Bug 1823916

Summary: [4.4] e2e-aws-scaleup-rhel7 constantly failing
Product: OpenShift Container Platform Reporter: Kirsten Garrison <kgarriso>
Component: InstallerAssignee: Russell Teague <rteague>
Installer sub component: openshift-ansible QA Contact: Johnny Liu <jialiu>
Status: CLOSED CURRENTRELEASE Docs Contact:
Severity: high    
Priority: unspecified CC: rteague
Version: 4.4Keywords: Reopened
Target Milestone: ---   
Target Release: 4.4.z   
Hardware: Unspecified   
OS: Unspecified   
Whiteboard:
Fixed In Version: Doc Type: If docs needed, set a value
Doc Text:
Story Points: ---
Clone Of: 1779811
: 1824150 (view as bug list) Environment:
Last Closed: 2020-05-28 12:55:06 UTC Type: ---
Regression: --- Mount Type: ---
Documentation: --- CRM:
Verified Versions: Category: ---
oVirt Team: --- RHEL 7.3 requirements from Atomic Host:
Cloudforms Team: --- Target Upstream Version:
Embargoed:
Bug Depends On: 1779811, 1824298    
Bug Blocks: 1824150    

Description Kirsten Garrison 2020-04-14 19:19:00 UTC
+++ This bug was initially created as a clone of Bug #1779811 +++

This bug was initially created as a copy of Bug #1766792

I am copying this bug because: 
The job is still not stable in master and has failed ~70 times in a row.  The last time it passed was on 11/21/19. Really unsure of the value of this job.


Description of problem:
this job seems to be basically broken.  going into the history in the last 168 runs it's only passed 17 times.  can we eliminate these tests until it is actually able to run correctly? it doesn't seem like an efficient use of our resources right now.

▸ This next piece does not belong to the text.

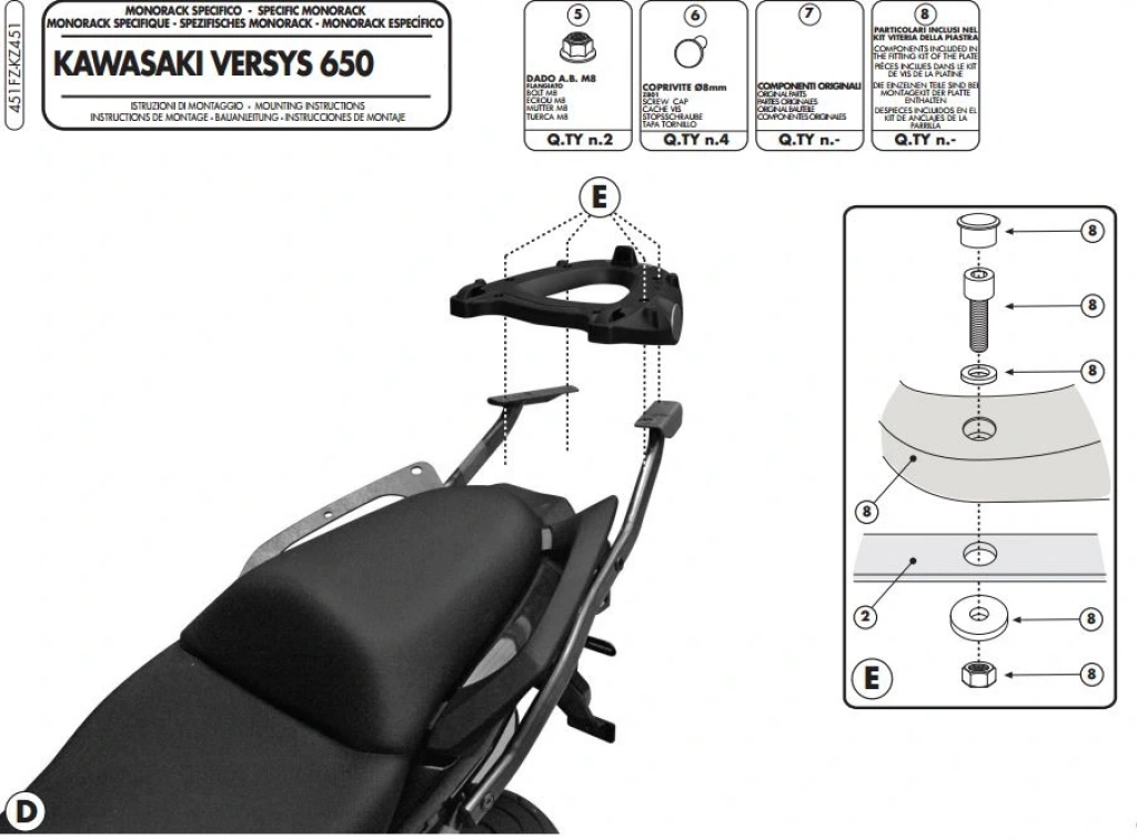ARKA ÇANTA TAŞIYICIModel: KAWASAKI VERSYS 650 (10-14)Ürün No : 451FZBağlantı Şekli : M5M , M6M (Monolock) veya M5, M7, M8A, M8B, M9A, M9B (Monokey) tabla gereklidir. Ürün pdf dosyasını indirmek için tıklayınız

For ref: https://prow.svc.ci.openshift.org/job-history/origin-ci-test/pr-logs/directory/pull-ci-openshift-machine-config-operator-master-e2e-aws-scaleup-rhel7?buildId=


How reproducible:
Look at most of its ci runs

Actual results:
It always fails

Expected results:
It should generally be passing unless there is a reason for it to fail.

--- Additional comment from errata-xmlrpc on 2020-02-28 05:12:29 UTC ---

This bug has been added to advisory RHBA-2020:51809 by OpenShift Release Team Bot (ocp-build/buildvm.openshift.eng.bos.redhat.com)

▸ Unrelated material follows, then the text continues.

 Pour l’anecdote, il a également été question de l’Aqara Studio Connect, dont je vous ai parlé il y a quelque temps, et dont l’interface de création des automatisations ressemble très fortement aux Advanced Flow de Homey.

--- Additional comment from errata-xmlrpc on 2020-02-28 05:12:30 UTC ---

Bug report changed to ON_QA status by Errata System.
A QE request has been submitted for advisory RHBA-2020:51809-01
https://errata.devel.redhat.com/advisory/51809

--- Additional comment from Gaoyun Pei on 2020-03-09 09:41:21 UTC ---

No issue found in QE's testing on RHEL scale-up in 4.5. Hi Russell, could you help to check on the CI job? Thanks.

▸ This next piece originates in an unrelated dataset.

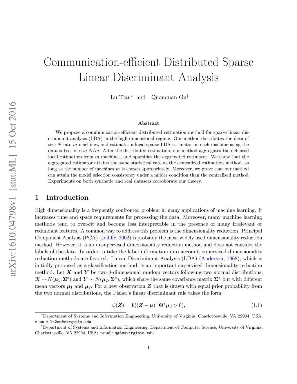 We propose a communication-efficient distributed estimation method for sparse linear discriminant analysis (LDA) in the high dimensional regime. Our method distributes the data of size into machines, and estimates a local sparse LDA estimator on each machine using the data subset of size . After the distributed estimation, our method aggregates the debiased local estimators from machines, and sparsifies the aggregated estimator. We show that the aggregated estimator attains the same statistical rate as the centralized estimation method, as long as the number of machines is chosen appropriately. Moreover, we prove that our method can attain the model selection consistency under a milder condition than the centralized method. Experiments on both synthetic and real datasets corroborate our theory.

--- Additional comment from Russell Teague on 2020-03-10 13:07:02 UTC ---

The changes in the linked GitHub issue were for fixing issues with how rhel nodes were provisioned in CI which was causing e2e tests to fail.  This bug does not need QE review.

--- Additional comment from Kirsten Garrison on 2020-04-14 18:56:24 UTC ---

This job is still failing :
https://prow.svc.ci.openshift.org/job-history/origin-ci-test/pr-logs/directory/pull-ci-openshift-machine-config-operator-master-e2e-aws-scaleup-rhel7?buildId=

--- Additional comment from Kirsten Garrison on 2020-04-14 19:00:46 UTC ---

There's something going on in this job, it's been failing consistently across releases. If it doesn't work reliably why is there a CI job?

See prior report as well: https://bugzilla.redhat.com/show_bug.cgi?id=1766792

--- Additional comment from Kirsten Garrison on 2020-04-14 19:08:06 UTC ---

This is also failing on 4.4 https://prow.svc.ci.openshift.org/job-history/origin-ci-test/pr-logs/directory/pull-ci-openshift-machine-config-operator-release-4.4-e2e-aws-scaleup-rhel7?buildId=

Comment 1 Kirsten Garrison 2020-04-14 19:20:16 UTC
Possible cause is here https://bugzilla.redhat.com/show_bug.cgi?id=1820717

Comment 3 Russell Teague 2020-05-28 12:55:06 UTC
Closing this because the 4.4 specific bugs have been addressed.